■ GIVEN MATERIAL:
++++++++++

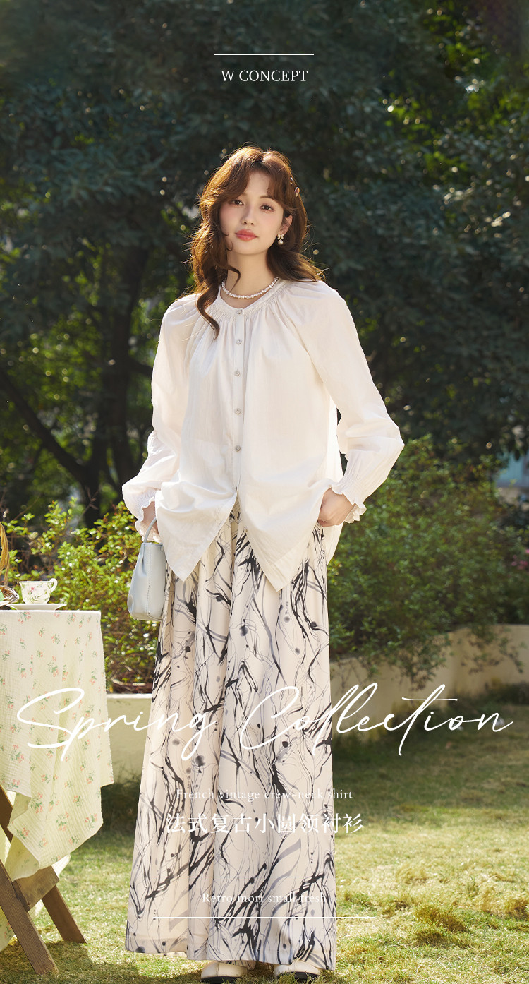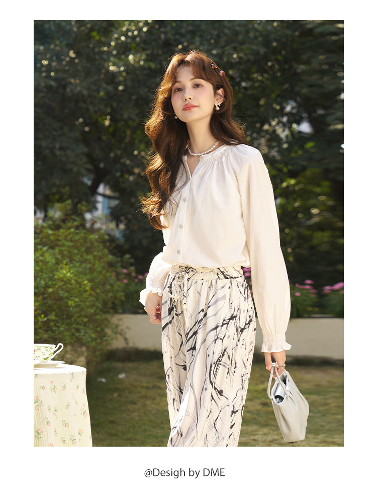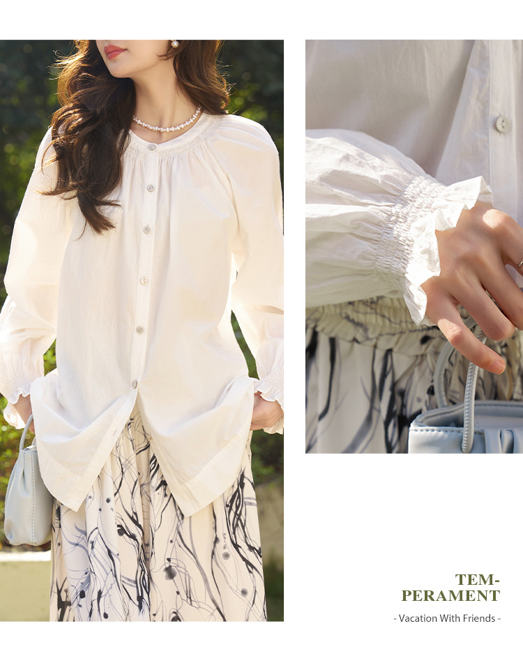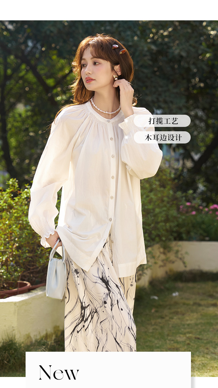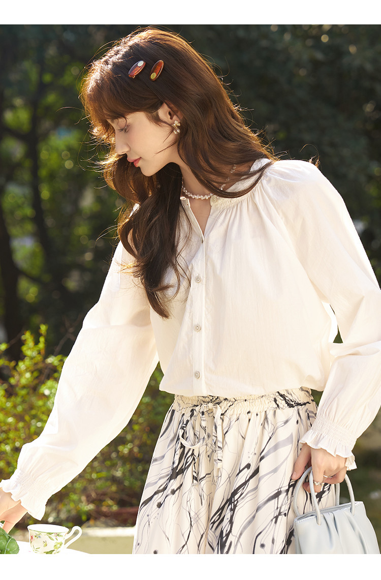 【森系少女】春秋法式文艺白衬衣女高级感内搭叠穿木耳边衬衫女 943873
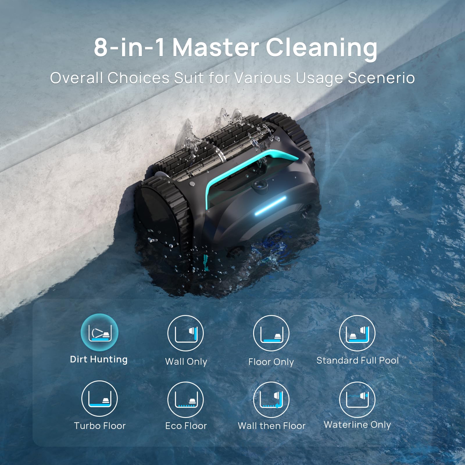 - 8 Mode Cleaning: With the WYBOT App, you can choose any appropriate mode in “Waterline Only” “Wall Only” “Floor Only” “Standard Full Pool” “Turbo Floor” “Eco Floor” “Wall then Floor” “Dirt Hunting”
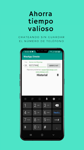 قام OneaGo بتطوير تطبيق سهل الاستخدام وسهل الاستخدام، والذي يسمح لك بالتحدث عن الدردشة على WhatsApp مع أي شخص، حتى إذا لم يكن لديك حفظها في قائمة جهات الاتصال الخاصة بك.
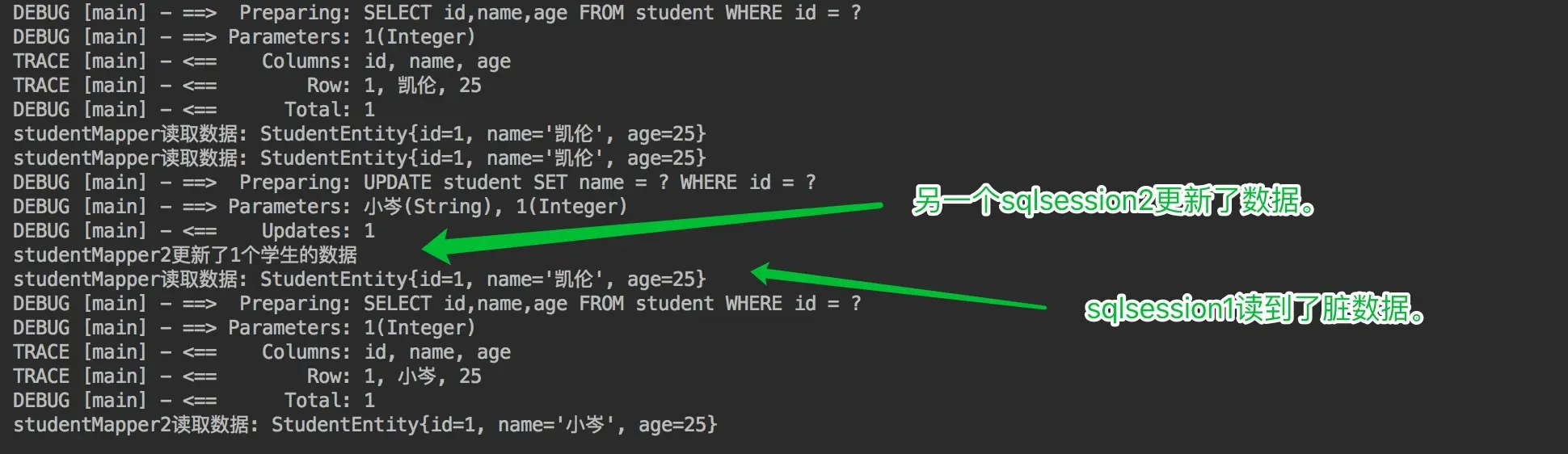 sqlSession2更新了id为1的学生的姓名,从凯伦改为了小岑,但session1之后的查询中,id为1的学生的名字还是凯伦,出现了脏数据,也证明了之前的设想,一级缓存只在数据库会话内部共享。

++++++++++

■ EXERCISE DESCRIPTION:
Give back the whole listing exactly, without pictures.

■ OUTPUT BELOW:
 【森系少女】春秋法式文艺白衬衣女高级感内搭叠穿木耳边衬衫女 943873
 - 8 Mode Cleaning: With the WYBOT App, you can choose any appropriate mode in “Waterline Only” “Wall Only” “Floor Only” “Standard Full Pool” “Turbo Floor” “Eco Floor” “Wall then Floor” “Dirt Hunting”
 قام OneaGo بتطوير تطبيق سهل الاستخدام وسهل الاستخدام، والذي يسمح لك بالتحدث عن الدردشة على WhatsApp مع أي شخص، حتى إذا لم يكن لديك حفظها في قائمة جهات الاتصال الخاصة بك.
 sqlSession2更新了id为1的学生的姓名,从凯伦改为了小岑,但session1之后的查询中,id为1的学生的名字还是凯伦,出现了脏数据,也证明了之前的设想,一级缓存只在数据库会话内部共享。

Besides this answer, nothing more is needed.